My life as a mom began in 1987, first with four girls who were followed later by two boys. It was June 25, 2000, when I finally understood the mother-in-law/daughter-in-law thing.
Although it was only after 13 years of parenting, all it took was about 30 seconds of having a son when — immediately after he was placed in my arms — I became belligerent toward all the girls who may some day have designs on my boy.
Boyfriends of daughters are bad enough. But girlfriends of sons? Evil incarnate. Because eventually they will replace momma. And I don’t think I’ll ever be ready for that.
[If you are a girl reading this in the future (my boys are now only 13 and 9) who recognizes the brilliance, charm, and absolutely undeniable awesomeness of either of my sons, beware. Although I will try to remain civil, it will be a constant challenge.]
Today I read FYI (if you’re a teenage girl) with a great deal of sympathy and understanding. Yes, the sexualization girls impose on themselves in social media is incredibly disturbing.
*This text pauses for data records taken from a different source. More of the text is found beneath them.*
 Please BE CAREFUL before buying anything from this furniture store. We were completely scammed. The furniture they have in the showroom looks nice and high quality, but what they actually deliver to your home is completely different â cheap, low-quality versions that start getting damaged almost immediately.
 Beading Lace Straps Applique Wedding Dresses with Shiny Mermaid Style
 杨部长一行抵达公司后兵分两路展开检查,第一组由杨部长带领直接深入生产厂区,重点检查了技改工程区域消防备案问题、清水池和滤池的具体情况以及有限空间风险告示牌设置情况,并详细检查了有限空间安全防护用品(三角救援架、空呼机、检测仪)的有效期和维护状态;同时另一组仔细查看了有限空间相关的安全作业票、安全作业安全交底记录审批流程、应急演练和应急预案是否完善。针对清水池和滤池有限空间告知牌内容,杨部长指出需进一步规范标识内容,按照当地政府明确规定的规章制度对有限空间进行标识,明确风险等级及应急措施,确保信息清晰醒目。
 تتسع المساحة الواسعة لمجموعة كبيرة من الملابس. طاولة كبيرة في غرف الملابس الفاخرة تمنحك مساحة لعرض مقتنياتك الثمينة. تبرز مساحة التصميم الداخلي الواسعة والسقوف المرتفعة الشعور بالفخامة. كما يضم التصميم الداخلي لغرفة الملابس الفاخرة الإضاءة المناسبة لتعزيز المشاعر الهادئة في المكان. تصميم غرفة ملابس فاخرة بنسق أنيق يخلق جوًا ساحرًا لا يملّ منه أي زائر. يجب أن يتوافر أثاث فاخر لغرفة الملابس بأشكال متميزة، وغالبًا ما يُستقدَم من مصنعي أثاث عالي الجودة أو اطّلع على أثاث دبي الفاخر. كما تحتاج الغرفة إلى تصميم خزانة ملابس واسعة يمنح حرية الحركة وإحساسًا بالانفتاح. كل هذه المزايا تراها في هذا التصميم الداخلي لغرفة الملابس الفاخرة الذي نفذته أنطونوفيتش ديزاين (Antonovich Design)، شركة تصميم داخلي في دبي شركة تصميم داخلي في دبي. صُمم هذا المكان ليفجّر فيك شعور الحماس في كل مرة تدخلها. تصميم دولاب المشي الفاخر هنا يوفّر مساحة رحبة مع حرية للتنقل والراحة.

The endless hours some spend taking “selfies” is, at very least, vain. (And, really people, how great do you look in an image you took in the bathroom mirror with your toilet in the background?)
Girls and women (both!) need to stop presenting themselves as things to be ogled and, rather, as human beings with valuable ideas and contributions.
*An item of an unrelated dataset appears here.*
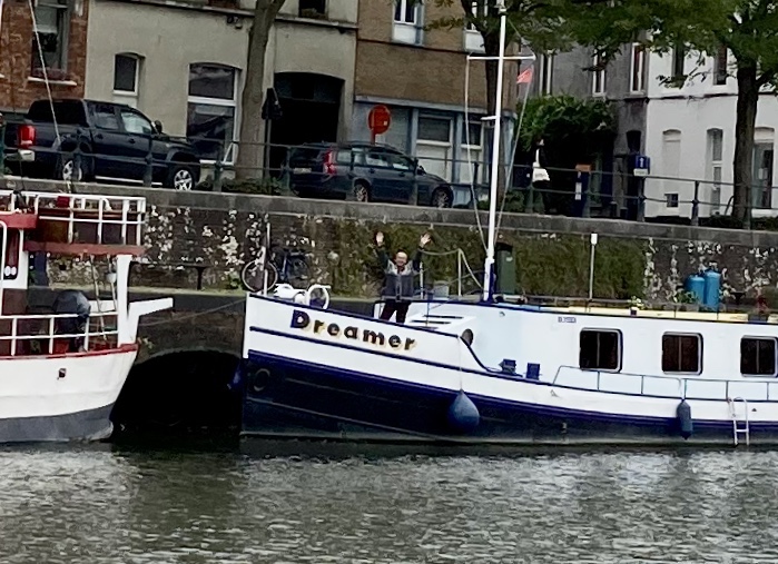 So finally we came into Kortrijk, our current home port. What a wonderful, calming, end-of-the-season feeling, even though we had to squeeze into the 21 metre space waiting for our 20 metre boat! The Captain ceremoniously took down the flags and we were officially tied up for winter.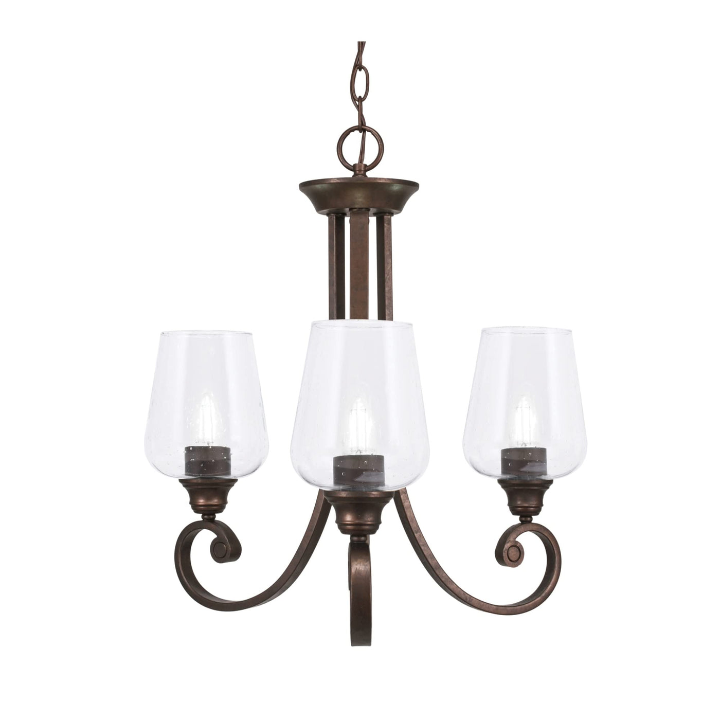 Toltec Lighting 253-BRZ-210 Curl Three Light Chandelier Chandelier Bronze / Dark Traditional Clear. Please refer to the datasheet for all product specifications. Toltec Lighting MPN: 253-BRZ-210

But Kim Hall, the mother of four who authored the piece — and who, interestingly enough, augmented the post with photos of her boys flexing their muscles in swimming suits — went beyond the mark. She says she hopes “to raise men with a strong moral compass” while at the same time absolving them for their own thoughts and responses.
Did you know that once a male sees you in a state of undress, he can’t ever un-see it? You don’t want the Hall boys to only think of you in this sexual way, do you?
No repentance or forgiveness for the girls. No self-mastery for the boys.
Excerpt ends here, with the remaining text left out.